After creating a classifier, you now want to evaluate it in terms of how often it correctly and incorrectly classifies the objects in your training set. To do this, we'll design a confusion matrix. A confusion matrix is a matrix whose entries are the counts of the predicted vs actual class. For example, the first entry is the count of objects that are predicted to be of class 1 and actually are of class 1 and so on, while the off-diagonal elements would be instances of class 1 that are predicted to be of class 2, and instances of class 2 that are predicted to be of class 1. 

In [37]:
def plot_confusion_matrix(df_confusion, cmap=):
    """
    
    Convenience function to plot the confusion matrix from a pd.crosstab object.

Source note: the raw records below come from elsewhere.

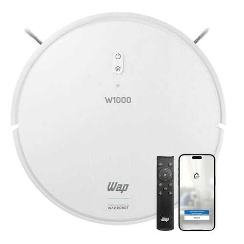 O Robô Aspirador WAP Robot W1000 é um dispositivo versátil, que varre, aspira e passa pano, proporcionando uma limpeza eficiente e contínua em todos os cômodos. Equipado com mapeamento inteligente através da tecnologia Gyro, calcula sua posição em tempo real, evitando obstáculos e promovendo uma movimentação segura. Pode ser controlado via aplicativo WAP CONNECT, comandos de voz, tornando a limpeza ainda mais prática.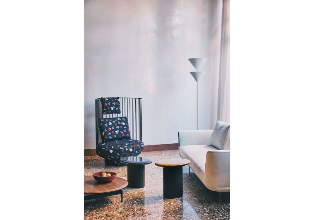 Antilles designed by Wittmann and Nichetto for Wittmann is a coffee table with top in granite or marble in different finishes. Available in four sizes.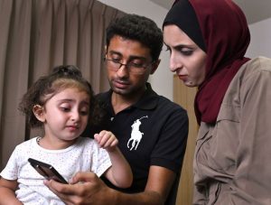 イスラエル軍とイスラム組織ハマスの戦闘開始から7日で2年。同軍の攻撃は激化の一途をたどり、パレスチナ自治区ガザ側の死者は6万6千人を超えた。飢餓も広がる現地から今夏、広島県内に移り住んだ一家3人がいる。故郷に残る親族の無事を祈り、一刻も早い和平の実現を待ち望む。(小林可奈)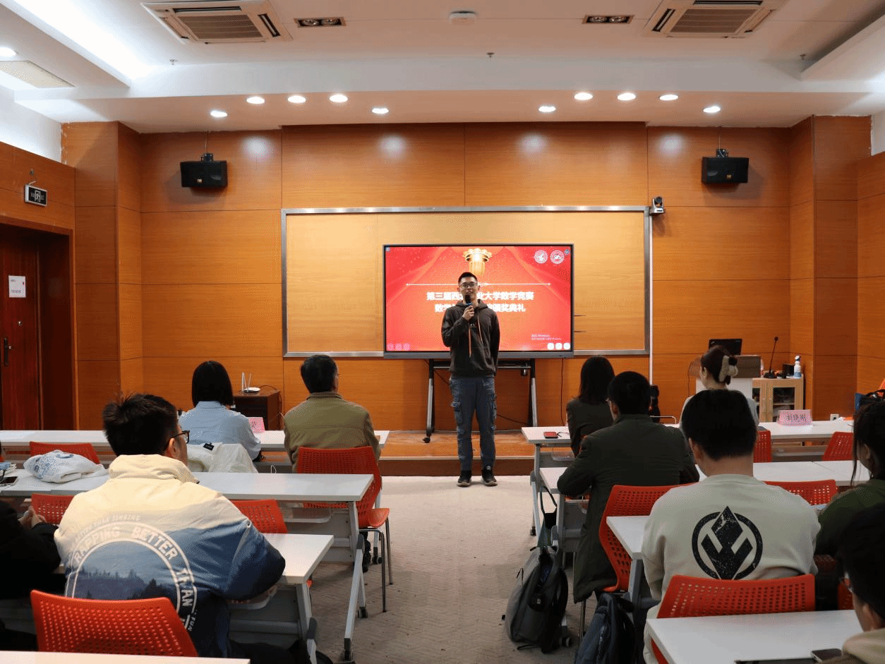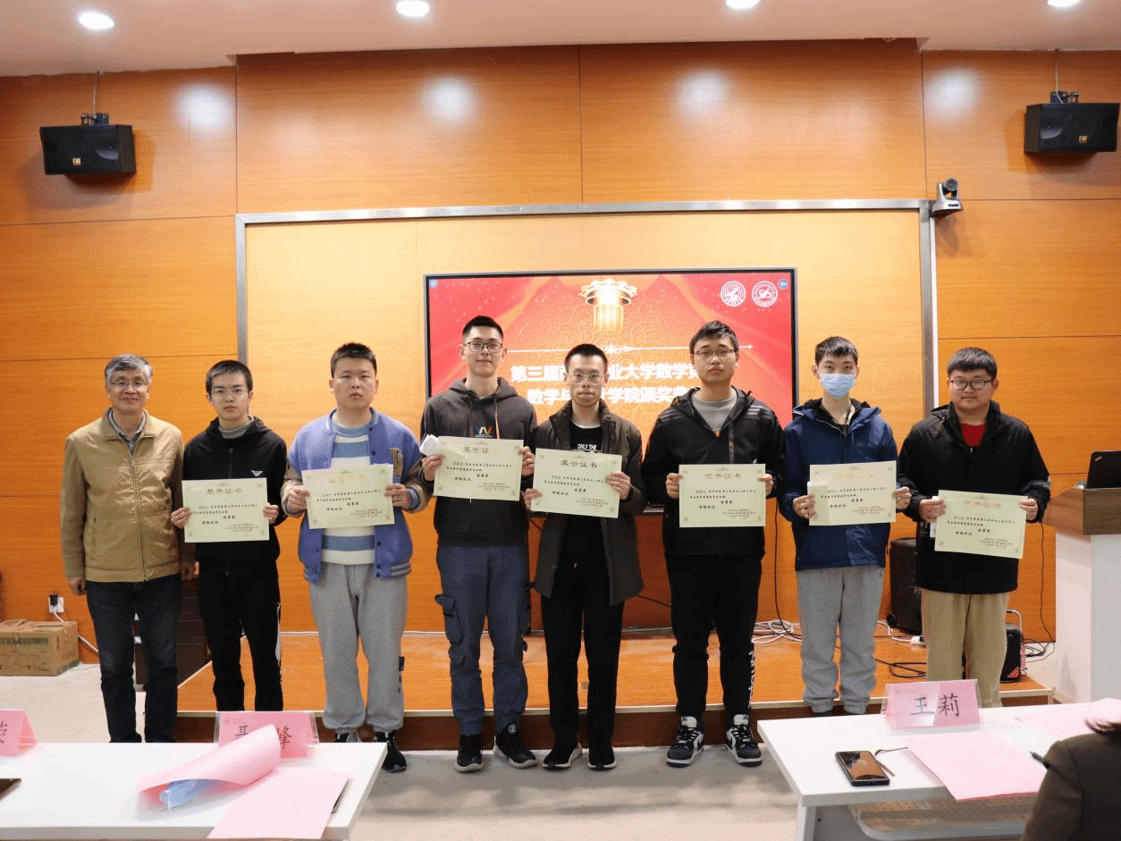 在颁奖仪式上,聂玉峰院长对获奖同学表示祝贺,提出广大学生要以数学竞赛为契机,激发数学学习兴趣、培养数学学习能力,通过数学学习不断提升整体思想和大局意识。同时,他还鼓励获奖学生能够学数学、爱数学、用数学,在生活中彰显数学智慧。

Hint: use plt.matshow and choose a sensible color map.
    
    Args:
        df_confusion (pd.crosstab): A pd.crosstab object.
        
    Returns:
        null 
    """
    
    
    plt.matshow()


## Problem 2: The Cramer-Rao bound (pen & paper, challenging, optional)

As we saw in the lecture, the Cramer-Rao bound is an important result in statistics that has intuitive consequences for many applied problems in ML. The proof of the Cramer-Rao bound can be insightful to work through. 

The starting point for the proof of the bound is the Cauchy-Schwarz inequality, which can be used to show that:

$$
[Cov(U, V)]^2 \le Var(U)Var(V)
$$

Starting from the definitions that U = T(X), where T(X) is an estimator of some parameter $\theta$ of the distribution $f(X|\theta)$ from which the data is sampled, and V = $\frac{\partial}{\partial \theta} log f(X |\theta)$. Use the Cauchy-Schwarz inequality to show the Cramer-Rao bound for these choices of U and V. 

$\textit{Hint:}$ you will need the fact that the $\mathbb{E}(V) = 0$, where $\mathbb{E}$ is the expectation of a random variable.